6/3/10

Dick Briefer's Frankenstein #9

Dick Briefer's Frankenstein comic has an odd history. It originally started in Prize Comics #7 (1940) as "America's first ongoing comic book series to fall squarely within the horror genre." (Don Markstein). But in 1945 the series was moved to a comic of its own, Frankenstein also by Prize Publishing, and Briefer turned him into a comical but eerie lunk, sort of a precursor to Herman Munster.

As Wikipedia says: "like many returning veterans, Frankenstein settled into small-town life, becoming a genial neighbor who began having delightful adventures with Dracula, the Wolfman and other horrific creatures."
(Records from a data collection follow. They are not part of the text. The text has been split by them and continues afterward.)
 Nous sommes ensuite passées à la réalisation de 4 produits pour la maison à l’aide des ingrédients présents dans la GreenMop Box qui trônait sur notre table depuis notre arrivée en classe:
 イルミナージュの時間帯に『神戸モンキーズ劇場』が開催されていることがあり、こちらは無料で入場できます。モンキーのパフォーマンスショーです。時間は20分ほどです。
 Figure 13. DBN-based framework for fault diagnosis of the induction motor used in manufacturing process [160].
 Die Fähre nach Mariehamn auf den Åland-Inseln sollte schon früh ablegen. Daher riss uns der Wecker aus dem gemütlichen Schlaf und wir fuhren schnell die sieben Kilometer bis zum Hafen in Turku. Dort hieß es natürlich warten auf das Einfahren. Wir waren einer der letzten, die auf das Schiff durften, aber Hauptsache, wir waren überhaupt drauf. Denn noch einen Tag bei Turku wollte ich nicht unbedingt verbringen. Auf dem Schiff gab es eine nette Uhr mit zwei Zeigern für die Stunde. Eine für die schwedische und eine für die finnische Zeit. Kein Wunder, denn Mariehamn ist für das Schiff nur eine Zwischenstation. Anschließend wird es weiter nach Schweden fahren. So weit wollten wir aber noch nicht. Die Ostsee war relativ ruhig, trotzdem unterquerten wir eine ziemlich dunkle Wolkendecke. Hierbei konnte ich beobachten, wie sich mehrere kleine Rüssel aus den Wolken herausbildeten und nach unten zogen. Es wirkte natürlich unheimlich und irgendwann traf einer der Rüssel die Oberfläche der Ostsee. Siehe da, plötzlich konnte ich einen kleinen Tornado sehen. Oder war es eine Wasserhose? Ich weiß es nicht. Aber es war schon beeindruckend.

It's hard to understand what made Briefer turn to humor, maybe a desire to lighten up after the oppression of WWII, but the humorous Frankenstein ran until issue #18 in 1952, when it reverted to the original horror format. That only lasted two more years, probably folding due to the unpleasant spotlight shed on horror comics by Frederic Wertham and his book "Seduction of the Innocent."
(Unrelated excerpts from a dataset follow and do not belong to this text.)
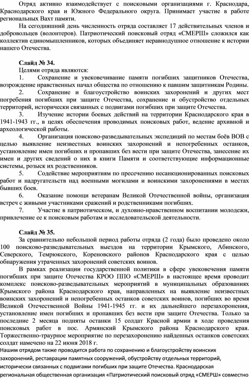 Ведущий 1. Для выступления по вопросу о деятельности поискового отряда «Смерш» слово предоставляется Нагорновой Надежде.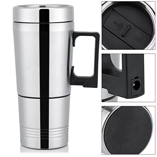Tazza Riscaldante Auto, Bollitore Elettrico Portatile Mini Tazza Riscaldamento Viaggio in Acciaio Inossidabile Cup Termica Riscaldata Isolata Caffè Intelligente per Acqua Tè Latte Caffè(Argento 24V)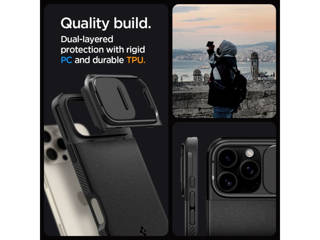 Hybridní pouzdro Spigen Optik Armor poskytuje dokonalou ochranu vašeho zařízení. Precizně zpracované pouzdro kombinuje měkký a pružný TPU rám s praktickým posuvným krytem z odolného polykarbonátu. Kryt chrání čočku fotoaparátu před poškrábáním a jiným poškozením během každodenního používání.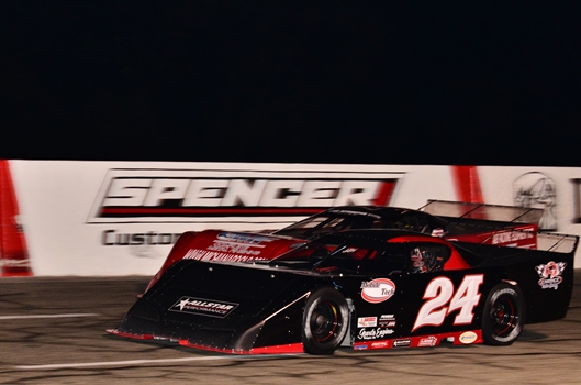 Tyler Roahrig worked his way from 14th starting position all the way to the front, making the winning pass with 12 laps to go and hanging on to win the Intimidator 100 Friday night at Kalamazoo Speedway.  Roahrig cracked the top ten on lap 11 but didn’t crack the top five for good until lap 40 of the 100 lap event.  He took over second place on lap 75 and then made the winning pass on Doug True on lap 88.  From there Roahrig held off Jeff Ganus, Brian Bergakker, True and Matt Frazier to collect the victory.  Tyler’s father, JR, finished sixth beating out three-time defending champion Mike “Bubba” Brooks, fast qualifier Rick Senneker, Tom Thomas and 12-time champion Andy Bozell.  Jacob Maynard picked up the victory in the last chance race.  The win combined with his third place qualifying effort gives Roahrig, who ran his fastest lap on the final lap of the event,  the early point lead over Bergakker (-6), Ganus (-14), Senneker (-24) and Frazier (-28).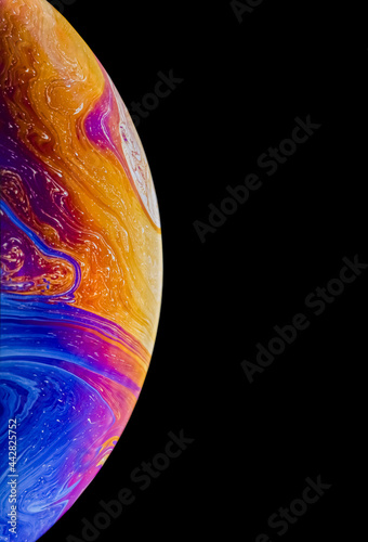 Soap bubble like a planet in space

In Frankenstein #9 from 1947 several of the stories center around the housing shortage, which many of the veterans experienced after World War II. The first story, "Frankenstein and the Invisible Wall," begins with the witch Sessy Poole challenging Frankenstein and Bilge Wauta to a contest. Whoever enters a house first will win the house. "If you were to buy this same house today the price, tremendously inflated, would be $420," she explains. The two contestants run for the house only to discover it's surrounded by an invisible wall. Bilge Wauta stalks off to figure out how to break through the invisible wall, while Frankenstein continues to try to go over, under, or through. Meanwhile Sessy Poole makes a prediction about the winner.

Frankenstein is about to give up when two delivery men show up. They can pass through the invisible wall without any problems. Confused, Frankie heads home... The story takes an odd jump at this point, starting with the caption "Two years later Frankenstein tells the story to Veronica Honika." You can read the rest for yourself.

When I first read this story as a kid I assumed Bilge Wauta was a recurring character in the Frankenstein stable. Seeing it as an adult I get a different perspective. In any case, Briefer does a good job of making the story humorous while also retaining some eerie aspects of the Frankenstein world.